I could probably go on for an hour...


----------



## mdnky (Dec 13, 2003)

Here's my list:

- Sites that are not Standards Compliant
- Sites that rely on javascript and tables for nav/layout
- Sites that use Flash
- Sites utilizing Java which are MSIE-WIN only (Java...it was afterall developed as a cross-platform language)
- Sites with PopUps or PopUnders
- Sites that specify a min screen resolution or browser type/version
- Sites with automatic background music
- Sites which are hosted on M$ servers
- Sites coded in FrontPage
- Sites that utilize any version od M$'s SQL Server
- Sites that utilize ASP, .net, or ASP.net
- Sites utilizing those transitions (enter or leave)


----------



## RacerX (Dec 14, 2003)

I still find CSS sites to be the worst on the internet as a general rule. All the talk about standards means nothing until enough browsers render these in a predictable manor.

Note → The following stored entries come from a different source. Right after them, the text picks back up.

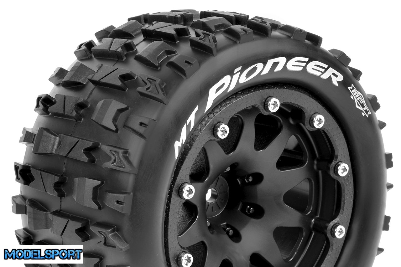 Louise RC - MFT - MT-PIONEER - 1-10 Monster Truck Tire Set - Mounted - Sport - Black 2.8 Bead-Lock Wheels - 1/2-Offset - Hex 12mm - L-T3308SBH
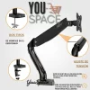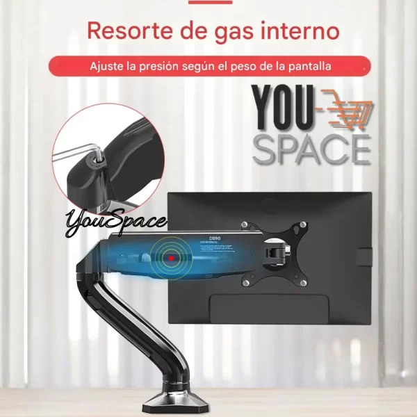 - Sistema de Resorte de Gas: Permite mover la pantalla con un toque suave y mantenerla firme en la posición deseada.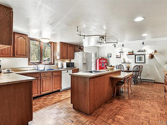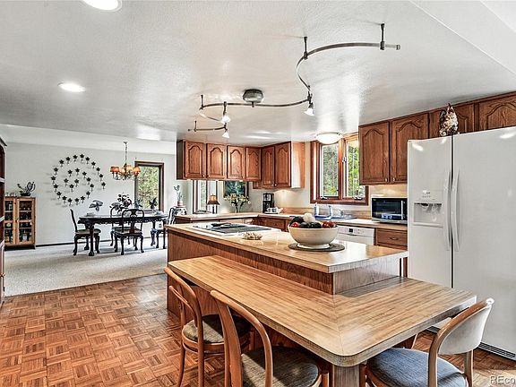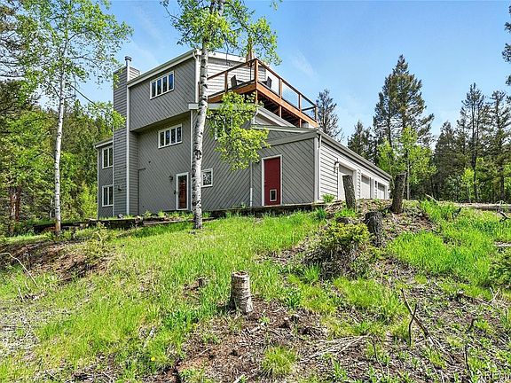 This extraordinary mountain home in the prestigious Woodside Park community offers the perfect blend of rugged Rocky Mountain beauty and modern comfort. Surrounded by towering pines and located on a quiet cul-de-sac with only six other homes, it provides unmatched privacy and serenity. Inside, the main living area is anchored by a cozy fireplace and filled with natural light, creating a warm and welcoming atmosphere. The adjacent dining room is perfect for family dinners or entertaining guests. The expansive kitchen features abundant cabinetry, ample counter space, a large walk-in pantry, and a spacious eat-in area—ideal for casual meals or morning coffee. A main floor laundry room adds convenience, while the oversized three-car garage offers plenty of room for vehicles, tools, bikes, and gear—perfect for Colorado mountain living. Upstairs, soaring vaulted ceilings enhance the open loft-style family room, ideal for movie nights, a second lounge, or play area. A full bathroom and dedicated office space make remote work or home projects a breeze. Generous windows frame breathtaking views of Lion’s Head Mountain, Mount Blue Sky, and Rosalie Peak. All bedrooms are comfortably sized with ample closet space. The third-floor primary suite is a private retreat with its own deck. A true showstopper and your front-row seat to sunrises, stargazing, and the sweeping views of the Colorado Rockies. Picture your morning coffee with a view for the rest of your life! Fire mitigation for this home is complete-it meets the requirements of State Farm Insurance. Staunton State Park is 3.3 miles down the road, and Kenosha Pass is a scenic 30-minute drive. For winter sports lovers, Breckenridge Ski Resort is only 90 minutes away, not to mention this home is just five minutes from Hwy 285 and 35 minutes from Denver. Nearby conveniences include shops, restaurants, a gym, and more in Pine Junction and Conifer. Your mountain retreat with majestic views awaits! Welcome HOME!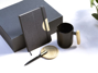The Laura gift set includes an A5 RPET hard cover notebook, a ballpoint pen, a ceramic mug, and a coaster. The notebook has a black elastic closure and a ribbon marker, and 80 lined cream-coloured sheets of 80 g/m² paper. The notebook cover together with the bamboo semicircle functions as a phone stand. The ballpoint pen is made of RCS certified recycled aluminium with a black spray coating, and bamboo accessories on both sides of the upper barrel. Pen ink: Black. Writing length: 400 metres. The 480 ml ceramic mug comes with a bamboo coaster. Handwash only. Mug size: 11 x 12.7 cm. Coaster diameter: 9.5 cm. Gift box size: 32 x 27 x 10.3 cm. FSC certified paper, FSC certified cardboard, Recycled Aluminium.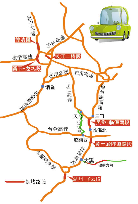 根据以往经验,台州高速G15沈海高速(甬台温)临海北至吴岙路段、黄土岭段这两个路段比较堵。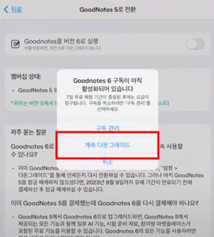 굿노트6 다운그레이드 메뉴 안보이는 경우 해결방법 | 구입내역 확인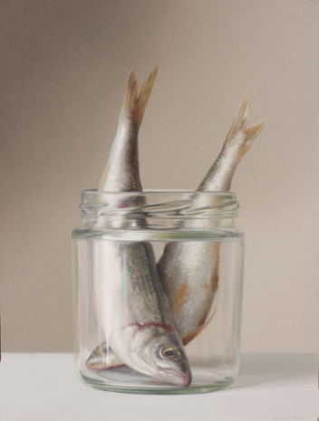 Sardinen im Glas, 2025, Öl auf Malplatte, gerahmt, 24 × 18 cm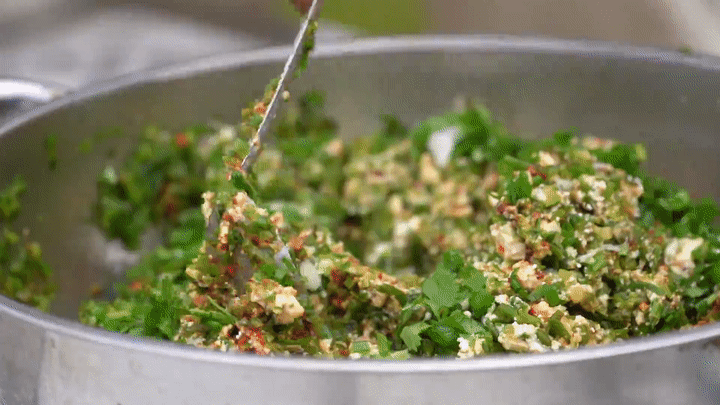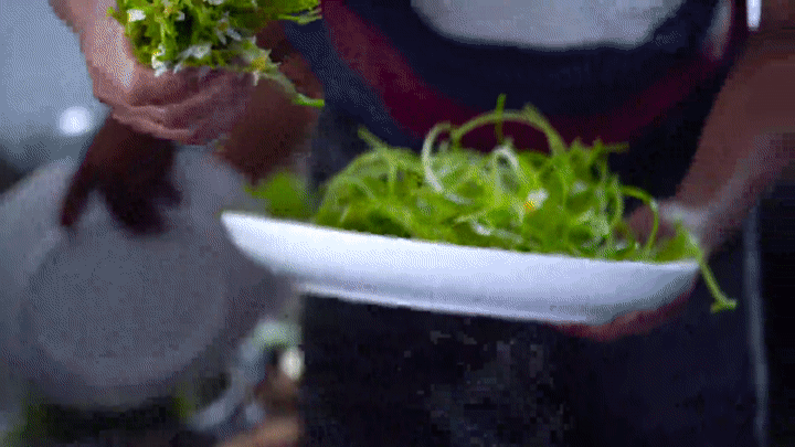 洱源县右所镇松曲村海菜种植户张灿美介绍:“‘海菜豆腐’是道开胃菜,把海菜拿进(沸)水烫一下,捞出剁碎,加入本地的干豆腐、蒜末、辣椒等配料,爽口又爽心。”

> - Sites coded in FrontPage


I'll go one step further on that one... how about people who charge other people for sites made in FrontPage. That is closely followed by people who have one template they used for every site they make... and then charge for the site.

I do like some flash, but not for content that doesn't need to be active.

And banners that blink or flash! There should be a law against those! If you can't sell a product with a series of images or a mild animation, then you shouldn't be selling your product. Flashing-blinking banners isn't going to help. In fact, who clicks on those anyways?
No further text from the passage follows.